Je m'assois à ma place habituelle mais ne vois pas mon binôme hebdomadaire à coté de moi. Un certain Frédéric je crois. Au style qualifiable d'intélo à lunettes trop épaisses pour lui, doté d'un esprit centré sur des études longues qui ne le mèneront nulle part, appart devenir presses papier. Les stéréotypes ne m'attirent pas mais lui y répond tout à fait malheureusement. Cela m'étonne qu'il ne soit pas là d'ailleurs. Je ne l'ai jamais vu rater un cours de toute l'année. Bon tant pis celui là je le passerais seule. Enfin c'est-ce que je croyais.
________ - « Excuse moi, je peux me mettre avec toi? Le gars avec qui je suis normalement est absent. »
Je me retourne vers mon interlocuteur. Il me surplombe de son petit mètre soixante dix à vue de nez. Sa carrure ne passe pas inaperçue, ni ses cheveux blond qui rendent enfantin un visage masculin. Je n'ai aucune impression de déjà vu. Il faut dire que lors des TP il y a peu de constance dans la présence des élèves. Venant souvent quand bon leur semble ou pour les plus assidus inter changeant avec des camarades aux horaires arrangeantes. Je ne me formalise dont pas et l'invite à s'asseoir.

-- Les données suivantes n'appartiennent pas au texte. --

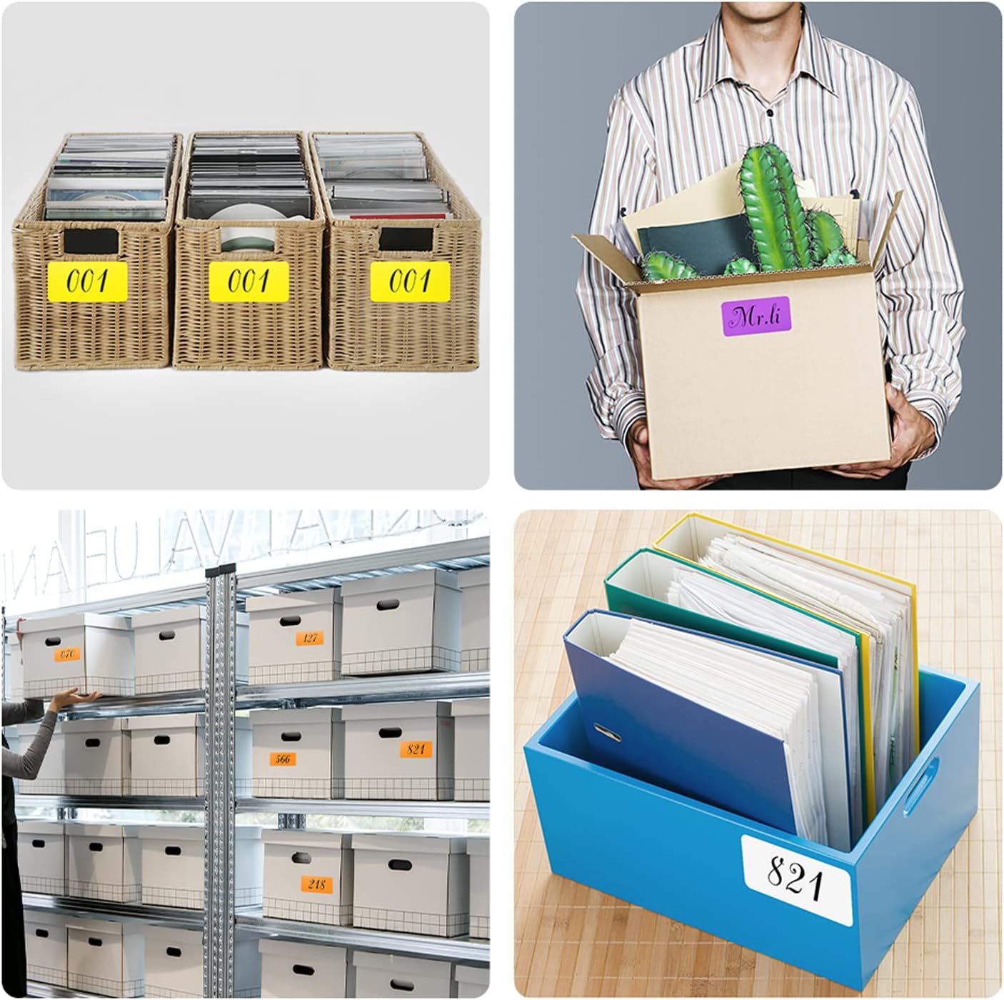 - Wide Applications: The adhesion of this labels sticker is strong enough to stick on any flat surface, such as floor, boxes, wall, papers, documents, jars, notebooks, bins, shelves, and more.
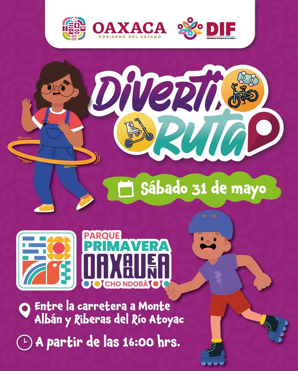 Oaxaca de Juárez, Oax., 28 de mayo de 2025.- Este sábado 31 de mayo se llevará a cabo la trigésima séptima edición de la Diverti Ruta en el Parque Primavera Oaxaqueña Cho Ndobá, en un horario de 16:00 a 19:00 horas por invitación del Sistema para el Desarrollo Integral de la Familia (DIF) Oaxaca.
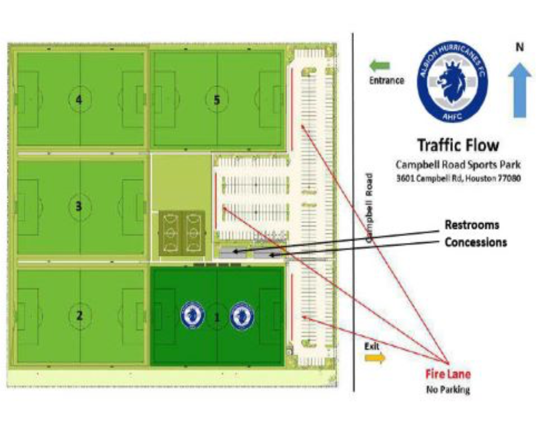 Welcome to Campbell Road Sports Park, a premier sports facility designed for athletes and teams of all levels. Conveniently located on Campbell Road between Clay Road and Kempwood Drive—with easy access from Beltway 8, I-10, and Hwy 290—our park features two regulation-sized turf fields ideal for field hockey and soccer, two 5v5 mini-fields, and three full-sized grass fields, all maintained to the highest standards. Visitors enjoy the comfort of indoor restrooms, free paved parking, bleacher seating, and a concessions stand. The park also includes a dedicated classroom space for film review and team meetings, making it the perfect venue for both training and competition.

________ - « Oui si tu veux, moi aussi mon binôme n'est pas là. À croire qu'il y a une épidémie. » Lui répondis-je rieuse.
________- « Ça doit sûrement être ça. » Ajoute-t-il sur le même ton.
Il prend place et déballe un carnet de note ainsi qu'un stylo. Je m'attarde à l'observer. C'est une manie chez moi. Regarder, analyser, décrypter, déduire, intuiter, sont mes maîtres mots. Certains qualifieront cela de malsain et dérangeant, moi je ne vois pas le mal à chercher le vrai. Les mots sont bien moins parlants que n'importe quelles attitudes ou réactions. Il suffit de savoir les comprendre. Les gens se sentent obligés de parler pour s'exprimer alors que se taire est bien plus porteur de sens.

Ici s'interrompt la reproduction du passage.